As for the opposite, I can think of numerous instances of extreme heat. When I was an adolescent, on a summer vacation to Sun Lake in eastern Washington my brother and I decided to play a round of golf in the middle of the day. I don't know what the temperature was, but the sun shone down upon us with relentless heat, and we were both too stubborn to quit until we'd finished the entire course. As a result, I got heat stroke. On one of my trips to India, I ended up in Goa in early summer, and it was so hot and humid that when I rested my forearms on a plastic tablecloth in a restaurant for no more than a few minutes, when I pulled them off, the parts of the arm that had touched the table were covered in heat rash.
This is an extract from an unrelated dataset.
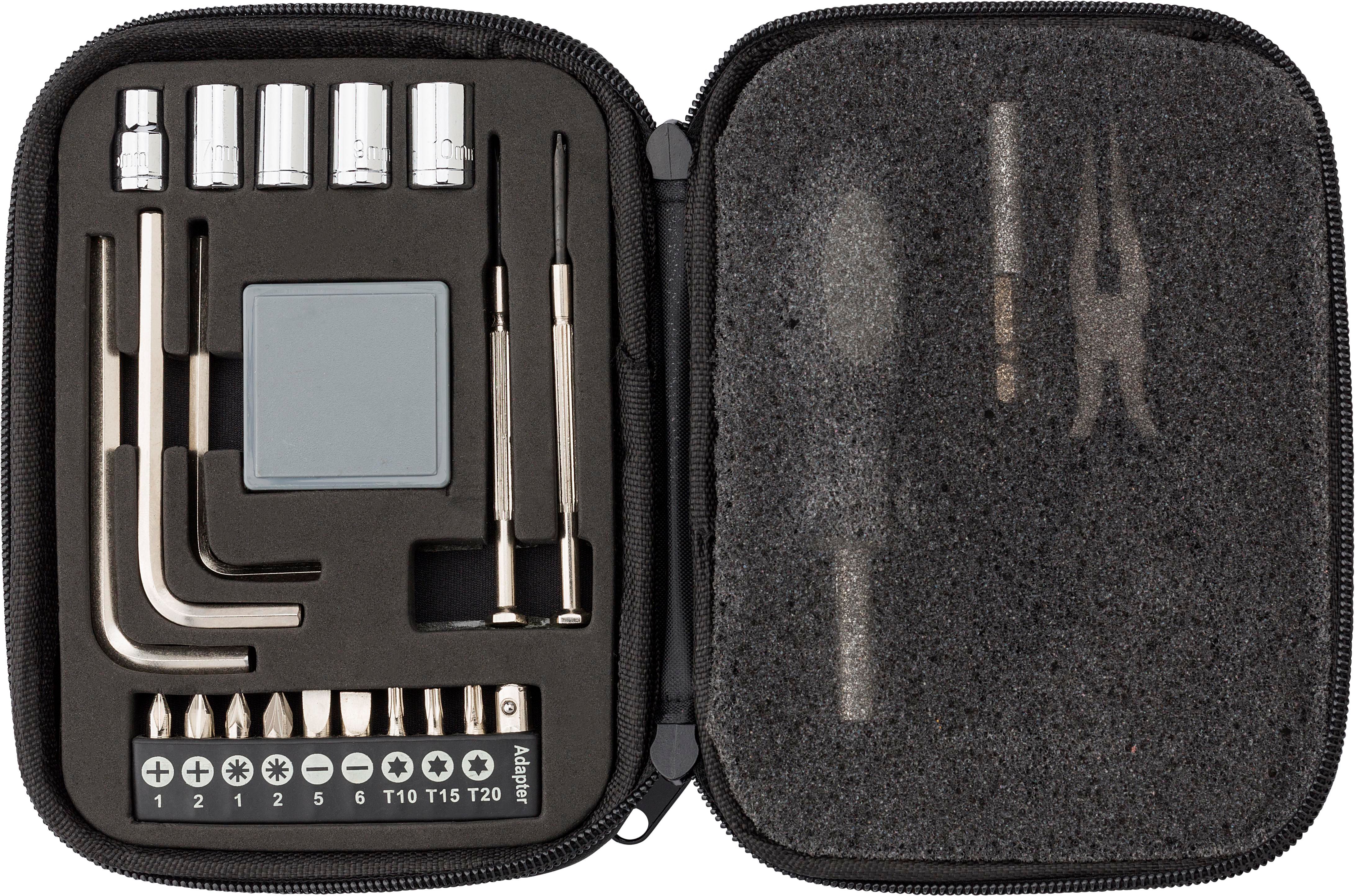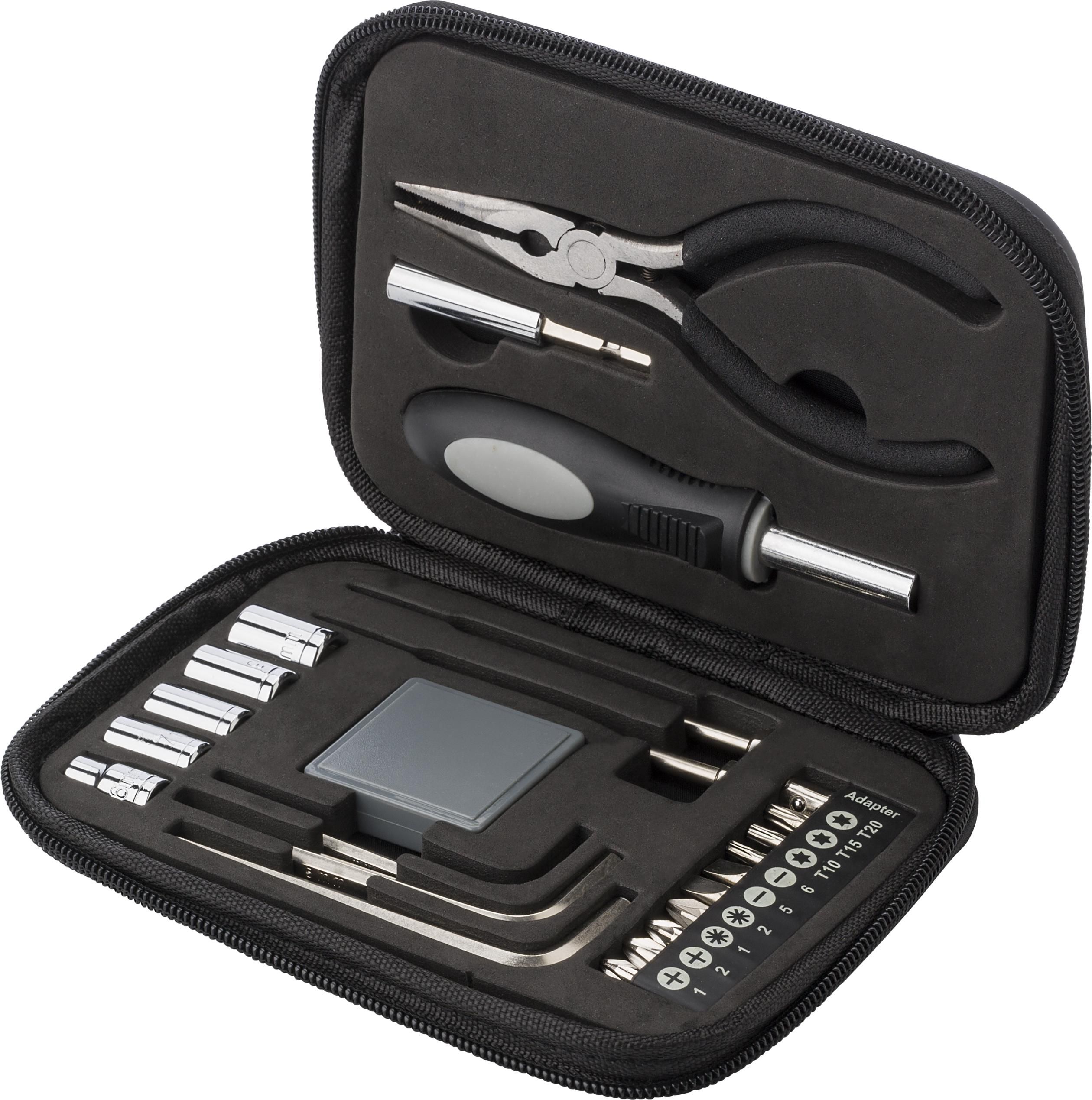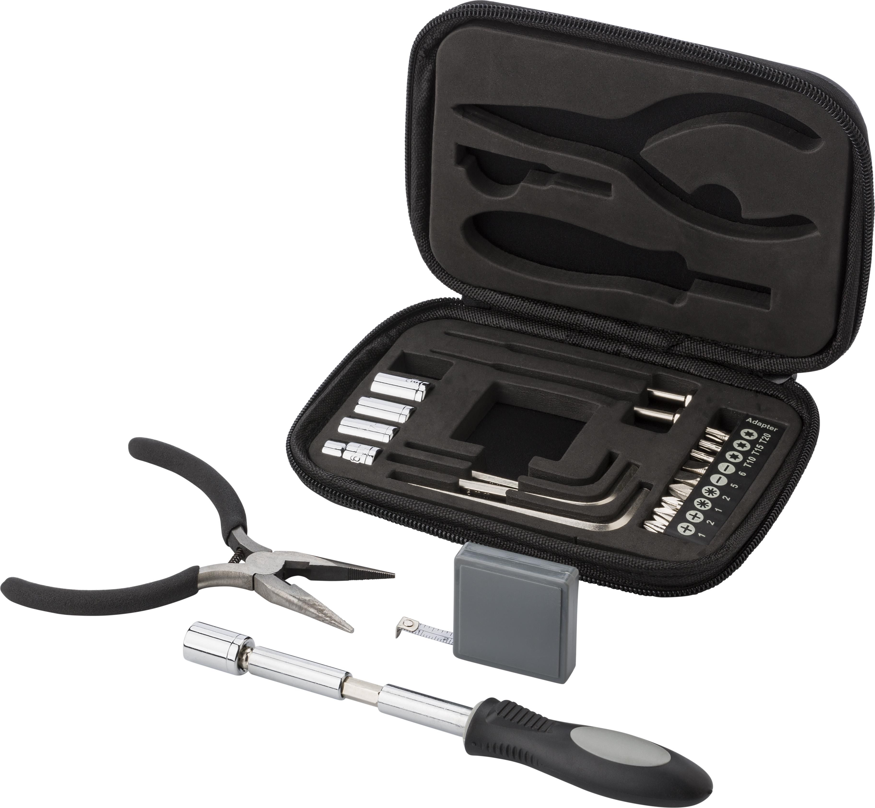 Set attrezzi in metallo 24 pezzi, composto da 5 bussole, 3 cacciaviti esagonali, 9 punte per viti, 1 bussola, flessometro da 1 metro, 2 cacciaviti di precisione, 1 impugnatura per cacciavite, 1 prolunga, 1 pinza, chiusura a lampo, custodia in PU

Other places I've grappled with the heat have been Sri Lanka, Thailand, and Bangladesh.
As the world warms, temperatures become more and more extreme. Maine, like Washington State, has had more than its share of wildfires in recent years; in fact, on our drive back from Acadia National Park, we saw signs for emergency evacuation routes. To a certain extent, weather variations are stimulating – until they become dangerous. Let's hope, for the sake of our progeny, we are able to endure and even prevent future excessive fluctuations.